MobileRead Forums - View Single Post - Pandoc and Tesseract to keep images and TOC

Hitch · 11-26-2018, 09:23 AM

Quote:

Originally Posted by kso

Why don't you try pdftotext, part of xpdf, and a standard application on linux (and probably others). It extracts whatever text is in the pdf and writes it to a plain text file avoiding the OCR/proofreading steps. You can even specify a crop area by giving it top/left coordinate and a width and height of the crop area to work on.

klaus

For the very reasons you mentioned--it exports plain text. I suppose if we received a simple PDF that was relatively plain text, and I didn't mind investing all the time needed to then go in and recode all the text formatting, that might be a way forward.

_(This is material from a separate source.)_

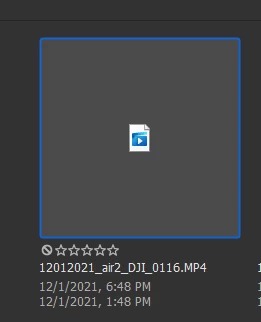 In Adobe Bridge, prior to a certain date, videos taken with my Air Mavic 2s showed thumbnails / previews fine. After that date, it just shows the .mp4 icon.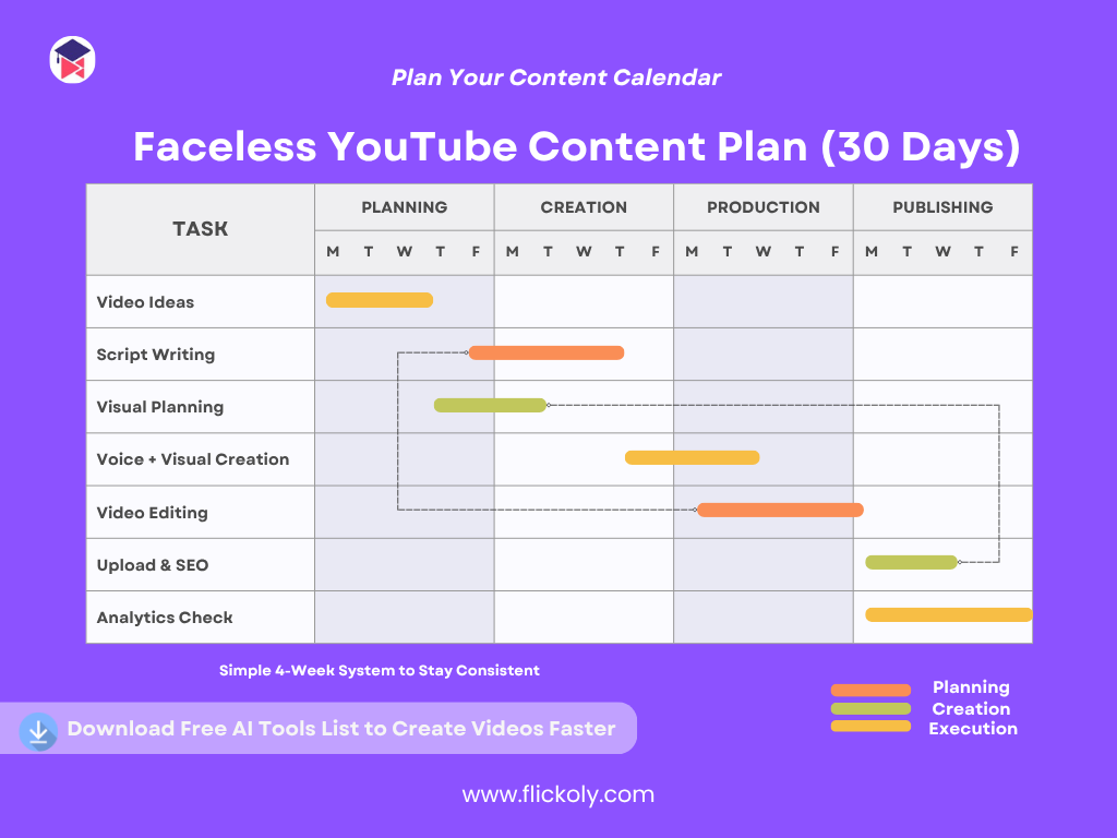 Consistency is the secret ingredient on YouTube. Plan at least 8–12 video topics before you start publishing. You can take inspiration from trending faceless YouTube channel ideas and adapt them to your niche. Group them into a content calendar — for example, 2 videos per week for the first month. Beginners who plan ahead are 3x more likely to stay consistent past the first 30 days.

But in our experience--and we've done quite literally thousands of PDF-->ePUB jobs--it takes longer to proof a PDF, line-by-line, and add back in the text formatting, than it does to Scan/OCR the file in the first place and do the work in the order we do it.

In other words, you do not avoid the proofreading step--you actually make it longer/worse, because you have to proof line-by-line, to find italics, bold, underscored text, blockquotes, etc. It's faster and easier to run two PDF Compare functions, to find differences between two PDFs, than it is to have to manually read the source PDF against the (now reformatted) text, to find and replace all text formatting. Laboriously long and tedious work to replace all the formatting, in term of the proofing.

And that assumes that it's something simple, like a novel. Once you move past novels, of course, it gets arithmetically worse.

As I stated in my post, we've tried pretty much every variant. We've tried "save to Word" from within Acrobat. We've tried a few of those "save your PDF to Word!" websites. We've tried many, if not all, of the "PDF2XXXX" programs or apps out there. All of them "work" to some extent or the other, but the bottom line is, for the level of accuracy that we need, as commercial formatters, and the amount of time, the scanning/OCR method still works best, both in terms of time expended and quality of result.

If we only had to do one, once in a while, then doing something like you suggest I suppose makes sense. But we probably have 50-100 PDF-to-ePUB/MOBI projects in production as I type this, and as I said, in our experiments, that's not been viable for us.

Hitch